Jonah 1:4: "the ship was like to be broken" - "וְהָאֳנִיָּה חִשְּׁבָה לְהִשָּׁבֵר" - what is the grammar of חִשְּׁבָה ?

Is חִשְּׁבָה an active or a passive verb? What is its binyan? What is its subject?
posted by Paquda to Writing & Language (7 answers total) 2 users marked this as a favorite
 
It's the Pi'el perfect 3rd feminine singular of חשב. The subject is the ship (אניה). In Qal the basic meaning of חשב is to think. In Pi'el it can mean to consider or plan, or as in this case, to be about to.
posted by greenmagnet at 9:01 AM on December 12, 2011 [4 favorites]


Thank you, greenmagnet. Your explanation works well.

I have a couple of hesitations, though: Is the pi'el form of חשב used elsewhere with a meaning of 'be about to'? I don't have a concordance to check this. I have seen it used to mean something like 'calculate.'. Also, isn't it bizarrely anthropomorphic to use a verb that basically refers to mental activity to talk about what a boat is doing?

I keep getting a vague intuition that the verb might be meant to be passive. I know the vocalization is a problem: the first vowel should be 'u' not 'i' if it were a pu'al construction, which is I guess what I want to take it as.
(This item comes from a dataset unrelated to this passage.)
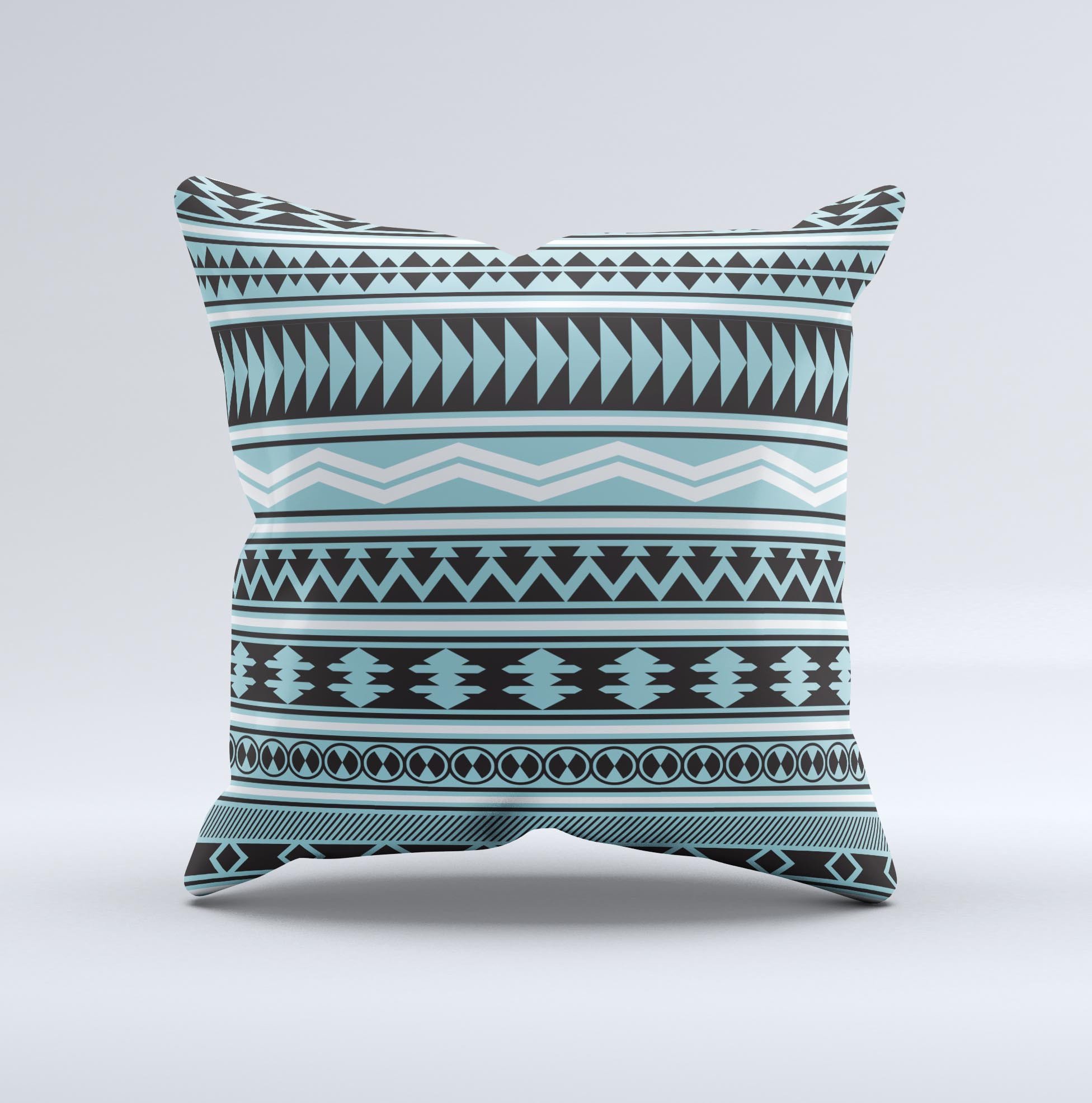 Introducing the Vector Blue & Black Aztec Pattern V2 Ink-Fuzed Decorative Throw Pillow, a stunning addition to your home decor that combines style and comfort. Each pillow is meticulously crafted in Virginia, ensuring that you receive a product that is not only beautiful but also made with pride and care. Unlike mass-produced items, our pillows tell a story, reflecting the artistry and dedication of our skilled artisans.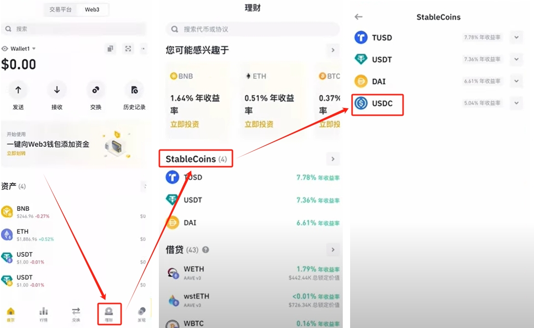 理财模块重点关注稳定币收益机会,其中USDC因严格的审计流程备受推荐。

Looking at the Vulgate online, it seems like it might be taking it as a passive: 'et navis periclitabatur conteri', with 'periclitabatur', a passive imperfect, for חִשְּׁבָה.
posted by Paquda at 10:35 AM on December 12, 2011


periclitor is a deponent verb, so its passiveness is purely syntactic, not semantic, and doesn't imply that the translator thought the original was passive.
posted by stebulus at 12:54 PM on December 12, 2011


Okay, stebulus. Thank you for correcting me. My Latin is minimal, so I shouldn't have tried to use it.
posted by Paquda at 1:54 PM on December 12, 2011


From the שרש (root) of חשב we also get thinking, consider, calculation, reckoning, etc. You can also interpret this to mean the ship owners. Not that the ship considered its destruction, but that those on the ship considered it.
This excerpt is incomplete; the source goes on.